_ASSIGNMENT_
Without changing a word, return the listing below, minus its images.

_STORED DATA_
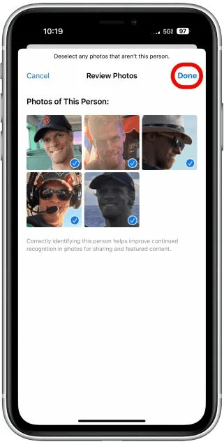 6. Chọn hoặc bỏ chọn các ảnh có liên quan, vòng tròn màu xanh có dấu kiểm cho biết ảnh đã được chọn. Một vòng tròn trống cho biết rằng hình ảnh không được chọn. Khi bạn đã chọn ra tất cả hình ảnh của đúng người, hãy nhấn Xong. Trong trường hợp của mình vì mình đã có người này được đặt tên là một liên hệ, nên việc này đã hợp nhất những ảnh này với những ảnh đã được xác nhận trước đó.
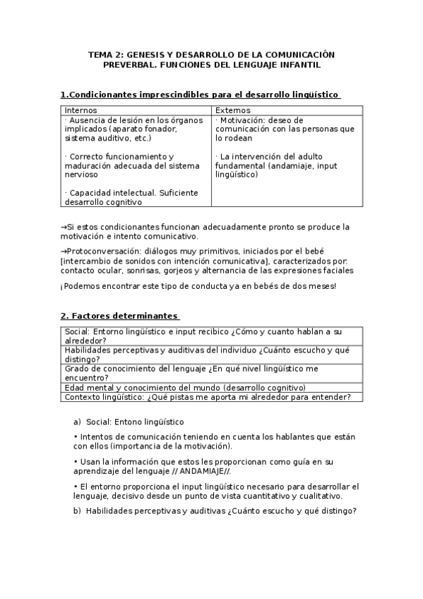 TEMA 2. GÉNESIS Y DESARROLLO DE LA COMUNICACIÓN PREVERBAL. FUNCIONES DEL LENGUAJE INFANTIL.
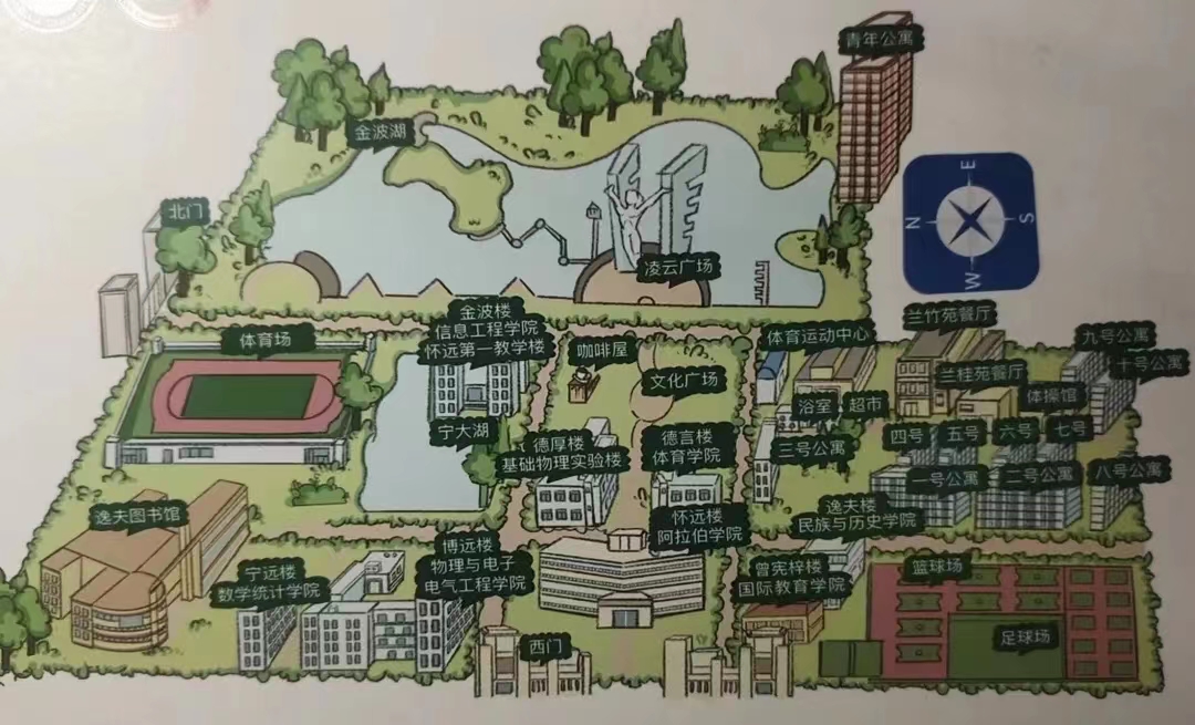 上午九点,三个小组于文萃校区智慧餐厅门口集合,在李鹏强、于晨曦、刘小舟三位学长的带领下游览校区。新生们先后参观了食堂、图书馆、大学生活动中心、操场、凌云广场、金波湖、孔子雕像等校园景观。于晨曦学姐向同学们详细介绍:“贺兰山校区的南大门正对着的雄伟建筑,是校园的主楼。学校的图书馆分别设立于文萃校区和怀远校区,同学们可以在那里漫游书海,也可以在众多自习桌中找到属于自己的学习天地。”

_YOUR RESPONSE_
 6. Chọn hoặc bỏ chọn các ảnh có liên quan, vòng tròn màu xanh có dấu kiểm cho biết ảnh đã được chọn. Một vòng tròn trống cho biết rằng hình ảnh không được chọn. Khi bạn đã chọn ra tất cả hình ảnh của đúng người, hãy nhấn Xong. Trong trường hợp của mình vì mình đã có người này được đặt tên là một liên hệ, nên việc này đã hợp nhất những ảnh này với những ảnh đã được xác nhận trước đó.
 TEMA 2. GÉNESIS Y DESARROLLO DE LA COMUNICACIÓN PREVERBAL. FUNCIONES DEL LENGUAJE INFANTIL.
 上午九点,三个小组于文萃校区智慧餐厅门口集合,在李鹏强、于晨曦、刘小舟三位学长的带领下游览校区。新生们先后参观了食堂、图书馆、大学生活动中心、操场、凌云广场、金波湖、孔子雕像等校园景观。于晨曦学姐向同学们详细介绍:“贺兰山校区的南大门正对着的雄伟建筑,是校园的主楼。学校的图书馆分别设立于文萃校区和怀远校区,同学们可以在那里漫游书海,也可以在众多自习桌中找到属于自己的学习天地。”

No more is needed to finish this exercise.